Tuesday, December 08, 2015

Catching up with Sierra Nevada Celebration Ale.

Photo credit: Its own page.

The single most hellish aspect of aging are the times when you think something happened last month, and it turns out to have been five years ago. Consequently, most readers already know the point of today's digression.

First, some personal history.

At some point in the late 1990s and early 2000s, I'd pre-order as many kegs of Sierra Nevada Celebration Ale as North Vernon Beverage could acquire via hook or crook, and we'd pour them at the Public House for weeks on end.

Probably a keg each year was deposited directly into my stomach. It's a wonder we ever made any money. Holiday sentimentality is utterly lacking in my interior world, and yet this annual arrival of Celebration Ale truly came to define the Thanksgiving and Christmas seasons.

In later years, the world evolved; NABC began its own brewing operation in 2002, and in 2005 came the first Saturnalia festival, as explicitly devoted to "celebrating" winter and holiday seasonal draft beers.

In the years since, I've had my ups and downs with Sierra Nevada itself. To this very day, it still seems to me that an aspect of the company's crucial foundational California mythology was lost forever when it began brewing in North Carolina.

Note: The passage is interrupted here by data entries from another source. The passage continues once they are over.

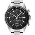 Мужские наручные часы Slazenger SL.09.2056.2.01 — это стильный и функциональный аксессуар, сочетающий в себе современный дизайн и надежность. Модель обладает круглым корпусом диаметром 48 мм, выполненным из металлического сплава. БезельБезельВнешний ободок, закрепляющий стекло. В спортивных часах так называется поворотное кольцо с делениями на циферблате, выполняет роль таймера – замеряет отрезки времени на шкале. Неподвижный безель – элемент декора. Однонаправленно вращающийся безель на дайверских часах позволяет фиксировать моменты погружения и выныривания на поверхность. с IP-покрытиемIP-покрытиеМетод ионного напыления. Демонстрирует повышенную устойчивость к истиранию, окислению и химическим веществам. Под воздействием высокого давления и температуры около 1500°C молекулы металла надёжно соединяются с частицами корпуса часов. обеспечивает устойчивость к царапинам и коррозии. Браслет изготовлен из суперметалла с раскладной застежкойРаскладная застёжкаТакой тип застёжки используется только на браслетах из металла. Она никогда не раскрывается полностью, происходит разделение на 2 и более частей. Раскладывающая застёжка снизит вероятность потери часов к минимуму., которая гарантирует удобство и надежность при ношении. Циферблат черного цвета украшен стрелками с люминесцентным покрытиемЛюминесцентное покрытиеПозволяет считывать показания времени в темноте. Производители наносят на стрелки, часовые индексы, безель или поверхность циферблата светонакопительный состав, дающий холодное свечение., что позволяет легко определять время даже в условиях слабого освещения. Для защиты циферблата используется минеральное стеклоМинеральное стеклоМинеральное стекло представляет собой искусственно выращенный минерал кварца. Такое стекло отличается особой устойчивостью к повреждениям и царапинам. Уступает по некоторым качествам сапфировому стеклу., устойчивое к царапинам и повреждениям. Часы оснащены кварцевым механизмом Miyota, обеспечивающим точность хода с погрешностью не более ±15 секунд в месяц. Модель также включает функции отображения даты, дня недели, 24-часового формата времени и второго часового поясаВторой часовой поясФункция, позволяющая отображать время двух часовых поясов одновременно., что делает их практичными для повседневного использования. Водонепроницаемость часов составляет 5 атмосфер (50 метров), что позволяет использовать их при плавании, но не рекомендуется для дайвинга. Вес модели — 148 грамм, что обеспечивает комфортное ношение. Производитель предоставляет гарантию сроком 12 месяцев. Slazenger SL.09.2056.2.01 — это универсальный аксессуар, который подчеркнет стиль и практичность в любом образе мужчины.
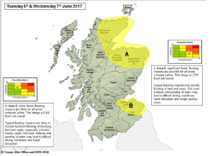 In the event, over 100mm of rainfall in 24 hours fell in some areas, and some rivers exceeded flooding levels, particularly in the north east. A number of Flood Alerts and Flood Warnings were issued. Some properties were evacuated and the Inverness to Aberdeen railway line was flooded. Surface water flooding issues were also widespread.
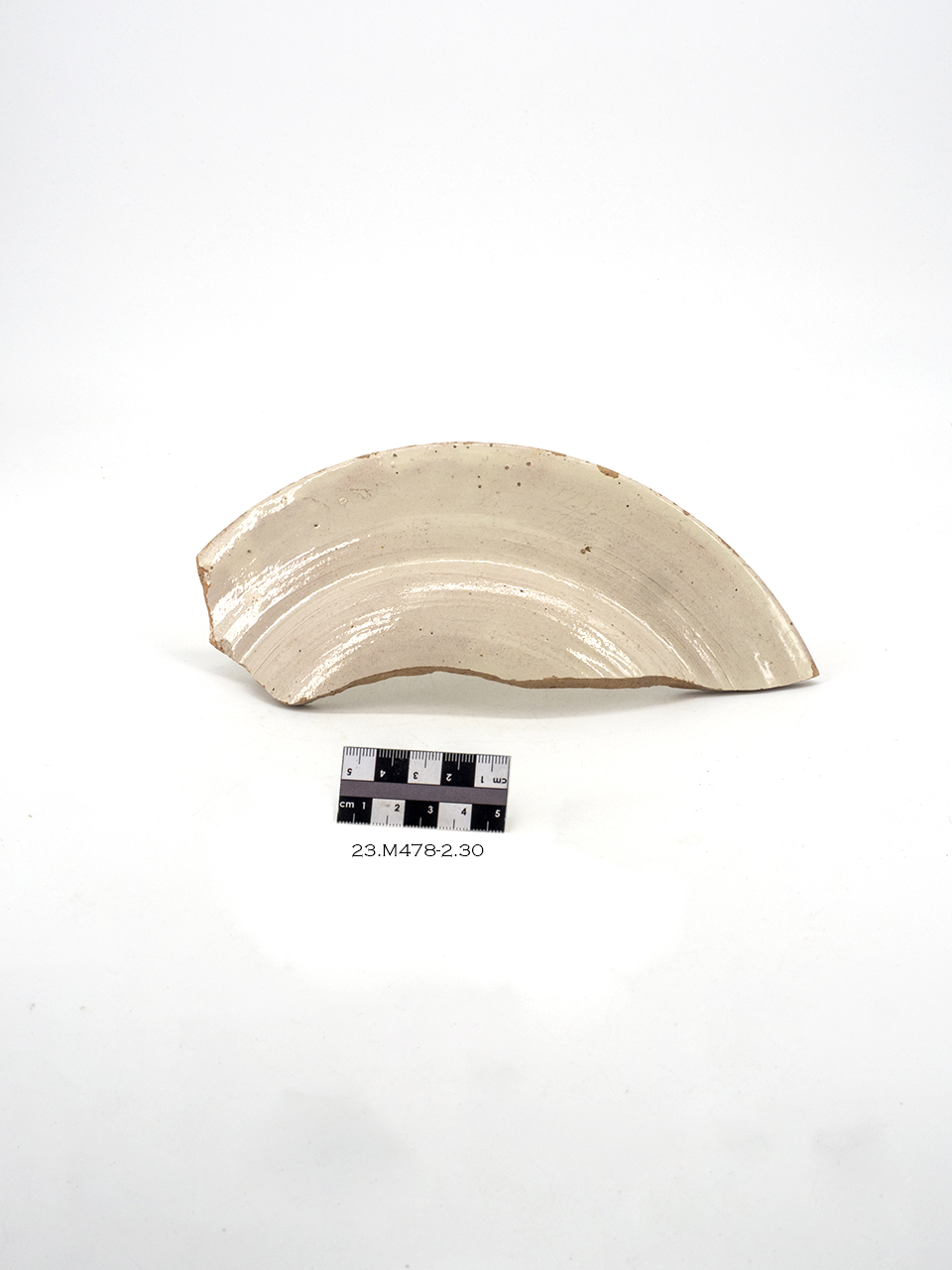 Piatto con bassa vasca, tesa aggettante obliqua, base piana. Rivestimento a smalto biancastro steso su tutta la superficie del corpo ceramico
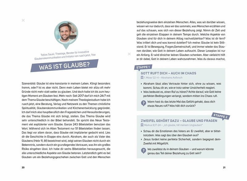 Jeder Bibelleseweg beginnt mit einer Einführung und bietet folgend fünf bis zehn Bibeltexte mit Vertiefungsimpulsen an. Eine Podcast-Serie eröffnet weitere Perspektiven.

However, this is not the point of my digression.

A couple of weeks back we were out shopping for groceries. I needed beer for sauerkraut, bean and mushroom soup, and Bridge Liquors was just around the corner, so we stopped there for a couple of bottles of Paulaner Salvator.

Remember: Never, ever use water in soup.

While browsing Bridge's packed aisles, I saw six-packs of Celebration Ale and couldn't resist the temptation. Having paid very little attention in recent years, what threw me at first glance was the changed label design, which is gorgeous, and the words "Fresh Hop IPA."

The simple fact is that while we always knew Celebration Ale was a hophead's delight, I can't recall many barroom discussions centering on whether it was or wasn't an IPA. We simply accepted it was what it was, and remains: Celebration Ale. It's the same way I feel about NABC's Elector; not this or that, but merely Elector, itself.

Concurrently ... those various annual "Harvest" releases were designed to be Sierra Nevada's showcase for "fresh" hops, weren't they?

Hence, this belated effort to rectify my grasp of semantics, and now it makes sense to me, because ...

The word "IPA" wasn't on the label in 2013, and appeared for the first time in 2014.

The Harvest series is about "wet" or unprocessed hops, while the significance of "fresh" in Celebration Ale, according to wording first deployed in 2010, is that the finishing hops (Cascade and Centennial) are selected, dried and used immediately. These distinctions are explained in detail by Heather Vandenengel at All About Beer:

A FRESH CELEBRATION: THE ORIGINS OF CELEBRATION ALE

Celebration Ale, which has been in production since 1981 and in its current form since 1983, is an enigma of a beer. It’s a holiday beer, so consumers might expect it to have the standard spices—nutmeg, cinnamon—but instead will find hop aromas and bitterness akin to an IPA. Since 2010, Sierra Nevada Brewing Co. has labeled it as a fresh hop ale, garnering confusion with wet hop ales, which are also often referred to as fresh hop ales.

Finally, at the risk of waxing curmudgeonly, I will never in my life consider Celebration Ale to be an IPA. To me, the attempted specificity mars the legend. It's a one-off, and should remain that way.